_What to do:_ The output consists only of the lines from the one with "前回組み立てたシャフトにでっかいギアをつけます。" through the end of the records, each printed exactly, and contains no pictures.

=== Data in this exercise ===

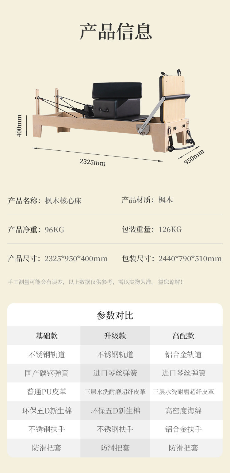 | Especificaciones | Modelo básico de cama central de arce de pista fija,Modelo básico semielevado de cama central de arce de pista fija,Modelo básico de cama de núcleo de arce de pista completa,Cama de núcleo de arce de pista completa modelo básico semi-elevado,Modelo básico de cama central de roble,Modelo básico semielevado de cama central de roble de carril fijo,Modelo básico de cama de núcleo de roble de pista completa,Cama de núcleo de roble de pista completa modelo básico semi-elevado,Modelo básico de barril de escalera de madera de arce,Modelo básico de barril de escalera de hierro de arce,Silla de madera de arce tipo básico,Silla de pedal estable de hierro de arce estilo básico,Caja cuadrada,Ortesis de arce básica,Cadillac de arce básico,Conjunto básico de cinco piezas de arce,Juego básico de cinco piezas de roble,Ortesis de roble básica,Cama blanca pintada de roble,Cadillac de roble básico,Modelo básico tres en uno de arce,Roble tres en uno,Almohadilla de Pilates para embarazadas,Modelo básico de cama blanca pequeña de aleación de aluminio de primera generación,Modelo básico de cama blanca pequeña de aleación de aluminio de segunda generación,Modelo básico de cama blanca pequeña de aleación de aluminio de tercera generación,Modelo básico de cama blanca pequeña de aleación de aluminio de cuarta generación,Aleación de aluminio de generación antigua,Aleación de aluminio de segunda generación antigua,Cama plegable de aleación de aluminio,Manliqiu,Cadillac Manliqiu |
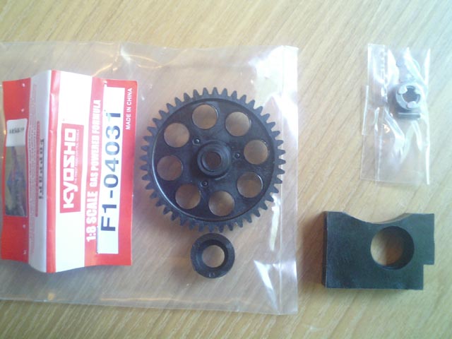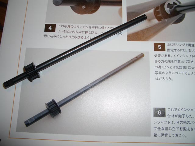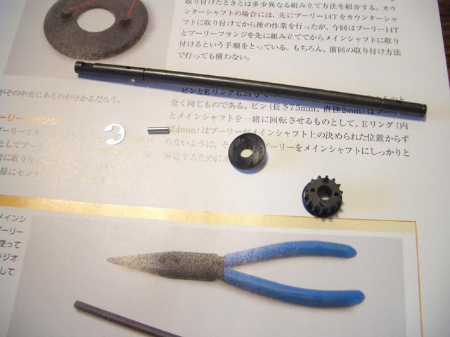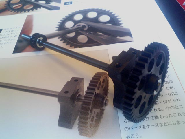前回組み立てたシャフトにでっかいギアをつけます。
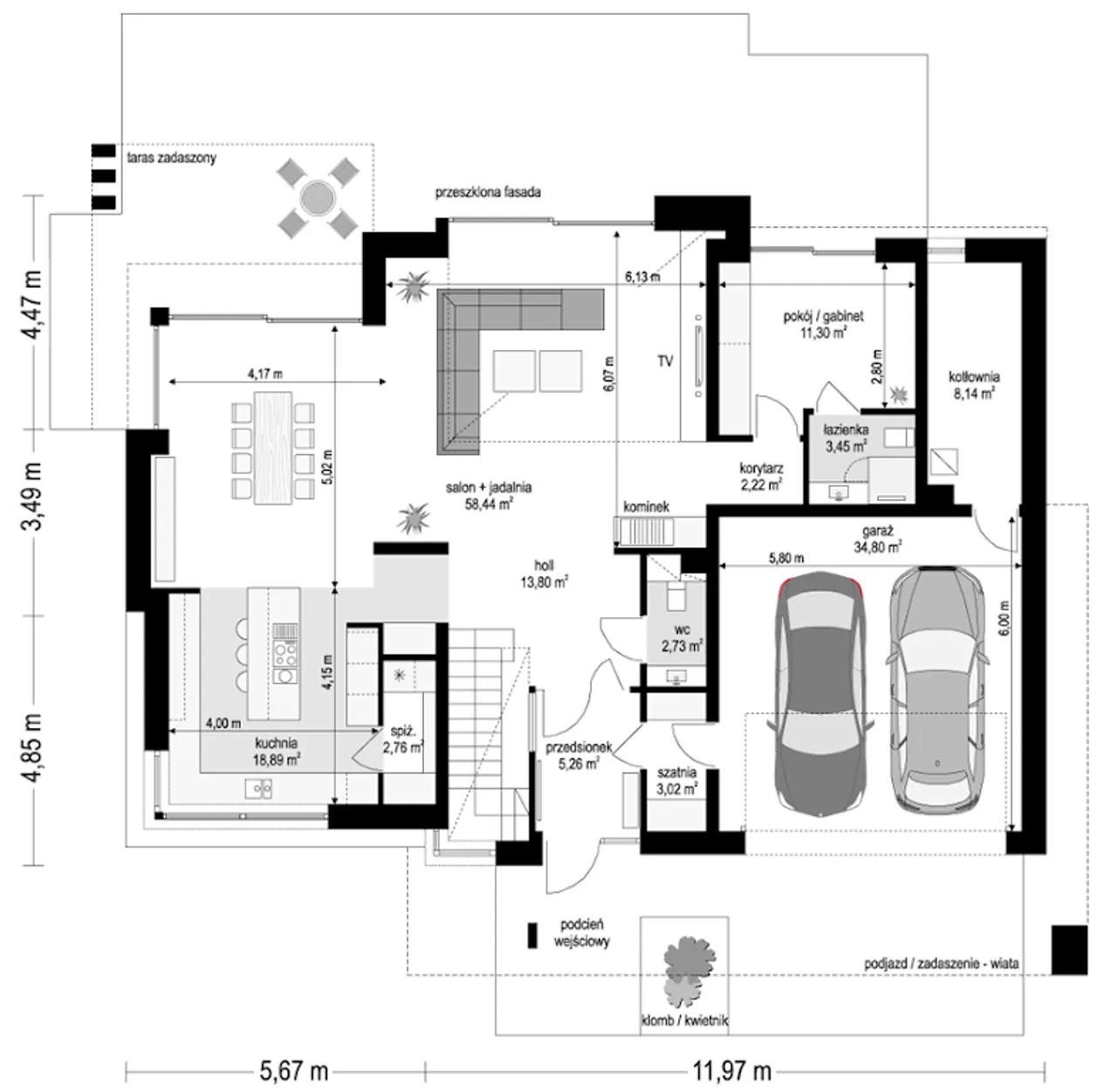 8. Salon / jadalnia | 58,44 m² |
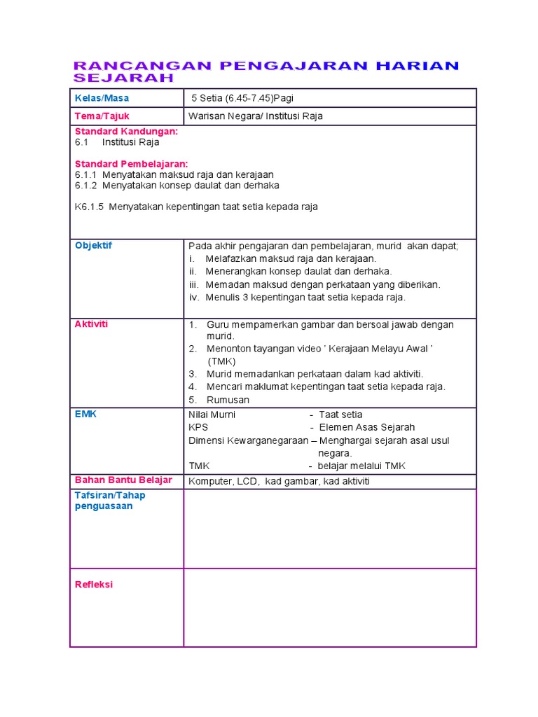 Rancangan Pelajaran Tahunan Sejarah Tahun 5 2018 K 6 1 5 Menyatakan Kepentingan Taat Setia Kepada Raja Objektif
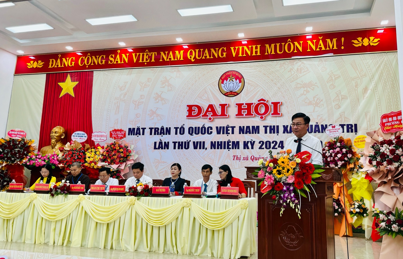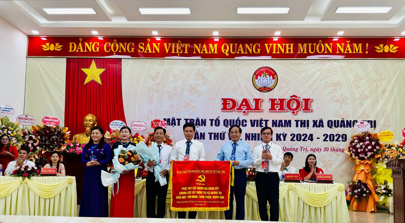 Thị uỷ Quảng Trị tặng Đại hội bức trướng mang dòng chữ “Phát huy sức mạnh khối đại đoàn kết, chung sức xây dựng thị xã Quảng Trị giàu đẹp, văn minh, thân thiện, nghĩa tình”
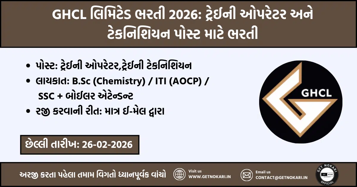 આ લેખમાં અમે GHCL ભરતી અંગેની તમામ ઝીણવટભરી વિગતો જેવી કે શૈક્ષણિક લાયકાત, વય મર્યાદા અને અરજી કરવાની સાચી રીત વિશે માહિતી આપી છે. અરજી કરતા પહેલા આ સંપૂર્ણ પોસ્ટ વાંચવી અનિવાર્ય છે જેથી તમારી અરજીમાં કોઈ ભૂલ ન રહી જાય અને રિજેક્ટ થવાની શક્યતા ન રહે.

===

_Solution to this exercise:_
前回組み立てたシャフトにでっかいギアをつけます。
 8. Salon / jadalnia | 58,44 m² |
 Rancangan Pelajaran Tahunan Sejarah Tahun 5 2018 K 6 1 5 Menyatakan Kepentingan Taat Setia Kepada Raja Objektif
 Thị uỷ Quảng Trị tặng Đại hội bức trướng mang dòng chữ “Phát huy sức mạnh khối đại đoàn kết, chung sức xây dựng thị xã Quảng Trị giàu đẹp, văn minh, thân thiện, nghĩa tình”
 આ લેખમાં અમે GHCL ભરતી અંગેની તમામ ઝીણવટભરી વિગતો જેવી કે શૈક્ષણિક લાયકાત, વય મર્યાદા અને અરજી કરવાની સાચી રીત વિશે માહિતી આપી છે. અરજી કરતા પહેલા આ સંપૂર્ણ પોસ્ટ વાંચવી અનિવાર્ય છે જેથી તમારી અરજીમાં કોઈ ભૂલ ન રહી જાય અને રિજેક્ટ થવાની શક્યતા ન રહે.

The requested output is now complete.